-- Opening Marker --

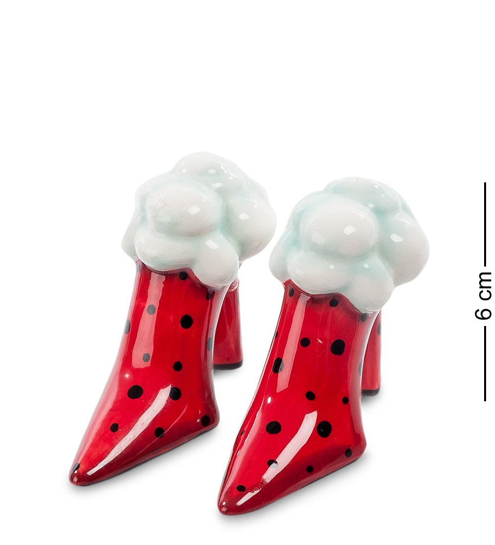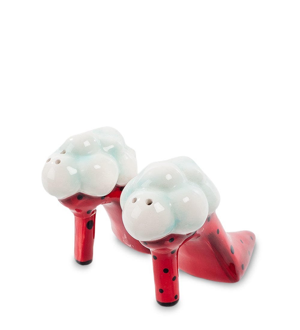 Ну, кто додумался до такого – поставить туфли на обеденный стол?! Понятно, что они красивые, модельные, яркие, но не место им среди тарелок и блюд с едой. А вот и нет – самое место. Присмотритесь: эти ярко-красные туфельки с черными крапинками на самом деле являются емкостями, в которых хранятся соль и перец. Есть и дырочки, через которые можно посолить и поперчить любое блюда – придать ему пикантность, как эти туфли делают своим присутствием пикантным обыкновенный обед. Подарите такой столовый набор женщине, которая стремится одеваться модно – пусть удивляет своих гостей, подавая на стол модельные туфли.
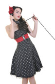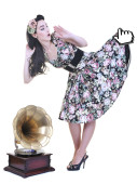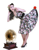 ładna dziewczyna słuchania muzyki na stary gramofon
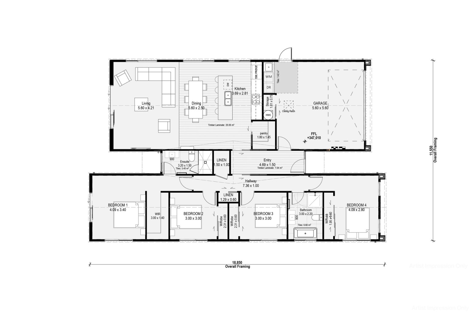 The open plan living, dining and kitchen area is the centre of the home, and offers a great outlook onto the easy care section. With 4 double bedrooms, a family bathroom and ensuite, the house combines great functionality with a stylish feel. The ability to separate the 2 front bedrooms and rent out, gives the added bonus of further Income. The home has an internal access double garage, and plenty of storage within.
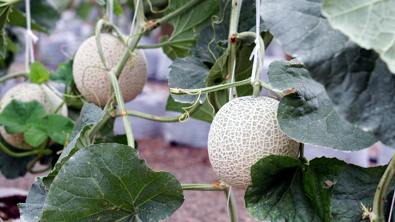 - Siltumnīcā melones var audzēt gan klājeniski uz zemes, līdzīgi kā laukā, gan uzsietas vertikāli, līdzīgi gurķiem. Tad tās aizņems arī mazāk vietas un siltumnīcā varēs izvietot vairāk augu.
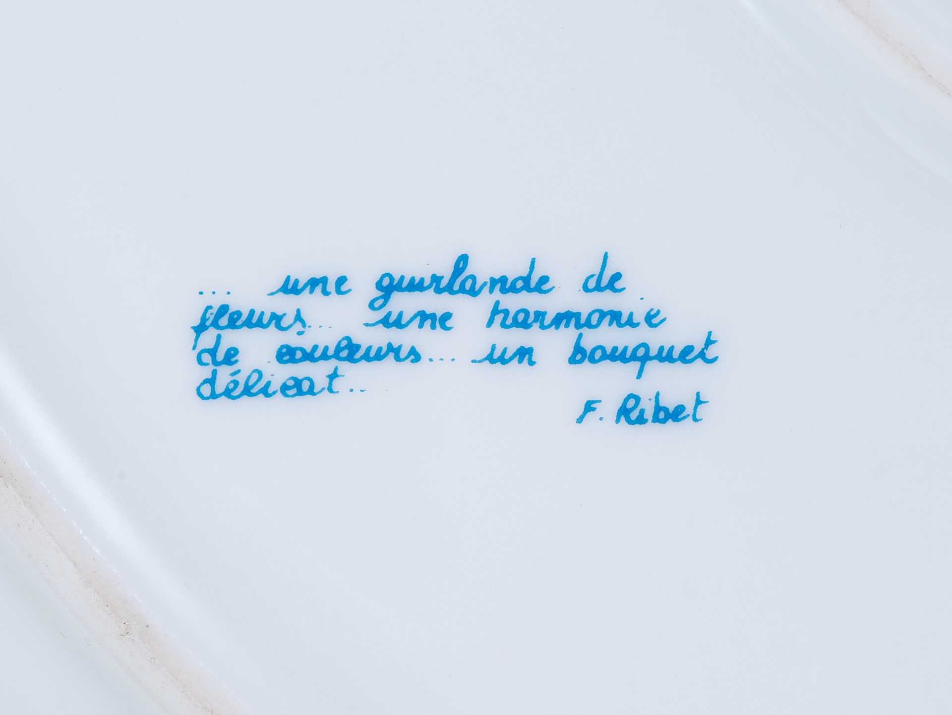 2. Надпись: «... une geurlande de fleurs ... une harmonie de euleurs ... un bouquet delieat / F. Rebet»
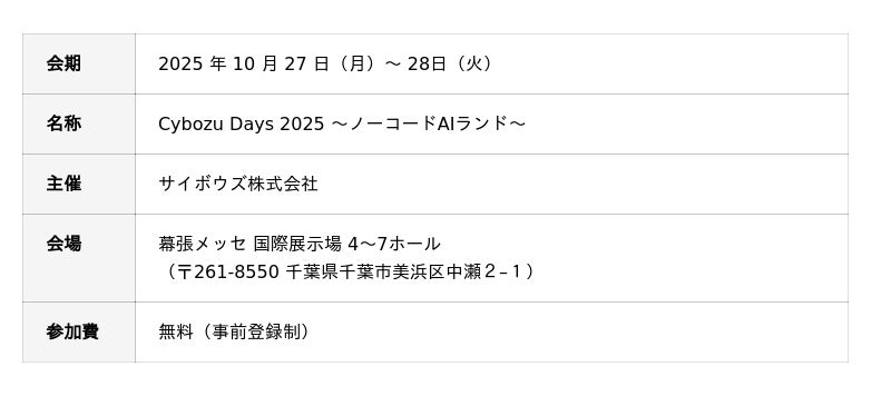 詳細情報は、公式ウェブサイト(https://days.cybozu.co.jp/)からご確認いただけます。
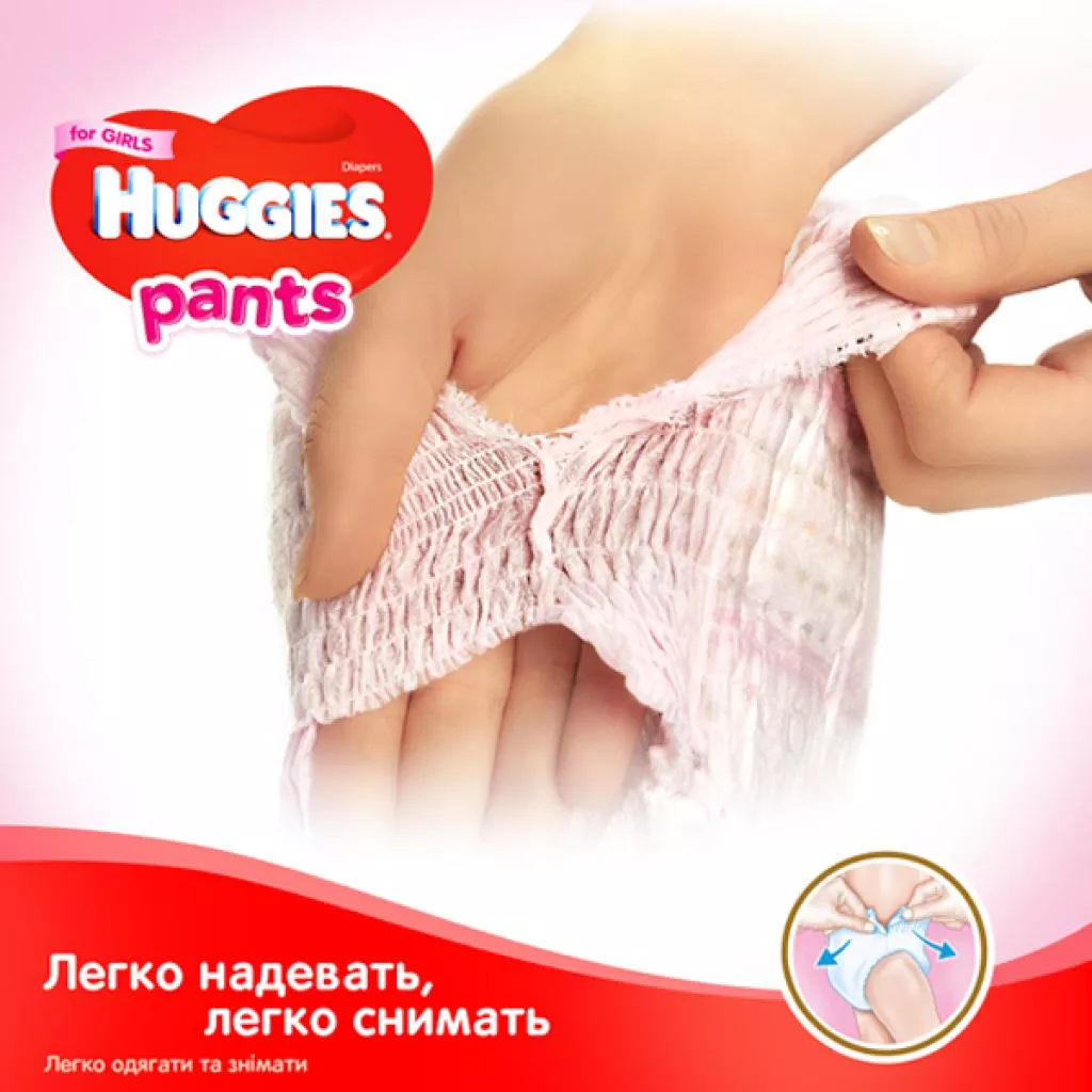 Трусики-подгузники Huggies Pants для девочек/для мальчиков разработаны с учитыванием анатомических особенностей специально для девочек/для мальчиков. Поясок и широкие боковинки тянутся во всех направлениях, эластичные манжеты вокруг ножек предназначены для более плотного прилегания и необходимого комфорта в движении. Вы сможете быстро и легко их надеть на кроху - как обычные трусики. И так же легко снять - необходимо просто разорвать боковинки. Индикатор влаги подскажет, когда пора менять трусики.

-- Closing Marker --

- _What you have to do_: Restate the entries word for word, though any image they contain should not appear.

- _Exercise answer_:
 Ну, кто додумался до такого – поставить туфли на обеденный стол?! Понятно, что они красивые, модельные, яркие, но не место им среди тарелок и блюд с едой. А вот и нет – самое место. Присмотритесь: эти ярко-красные туфельки с черными крапинками на самом деле являются емкостями, в которых хранятся соль и перец. Есть и дырочки, через которые можно посолить и поперчить любое блюда – придать ему пикантность, как эти туфли делают своим присутствием пикантным обыкновенный обед. Подарите такой столовый набор женщине, которая стремится одеваться модно – пусть удивляет своих гостей, подавая на стол модельные туфли.
 ładna dziewczyna słuchania muzyki na stary gramofon
 The open plan living, dining and kitchen area is the centre of the home, and offers a great outlook onto the easy care section. With 4 double bedrooms, a family bathroom and ensuite, the house combines great functionality with a stylish feel. The ability to separate the 2 front bedrooms and rent out, gives the added bonus of further Income. The home has an internal access double garage, and plenty of storage within.
 - Siltumnīcā melones var audzēt gan klājeniski uz zemes, līdzīgi kā laukā, gan uzsietas vertikāli, līdzīgi gurķiem. Tad tās aizņems arī mazāk vietas un siltumnīcā varēs izvietot vairāk augu.
 2. Надпись: «... une geurlande de fleurs ... une harmonie de euleurs ... un bouquet delieat / F. Rebet»
 詳細情報は、公式ウェブサイト(https://days.cybozu.co.jp/)からご確認いただけます。
 Трусики-подгузники Huggies Pants для девочек/для мальчиков разработаны с учитыванием анатомических особенностей специально для девочек/для мальчиков. Поясок и широкие боковинки тянутся во всех направлениях, эластичные манжеты вокруг ножек предназначены для более плотного прилегания и необходимого комфорта в движении. Вы сможете быстро и легко их надеть на кроху - как обычные трусики. И так же легко снять - необходимо просто разорвать боковинки. Индикатор влаги подскажет, когда пора менять трусики.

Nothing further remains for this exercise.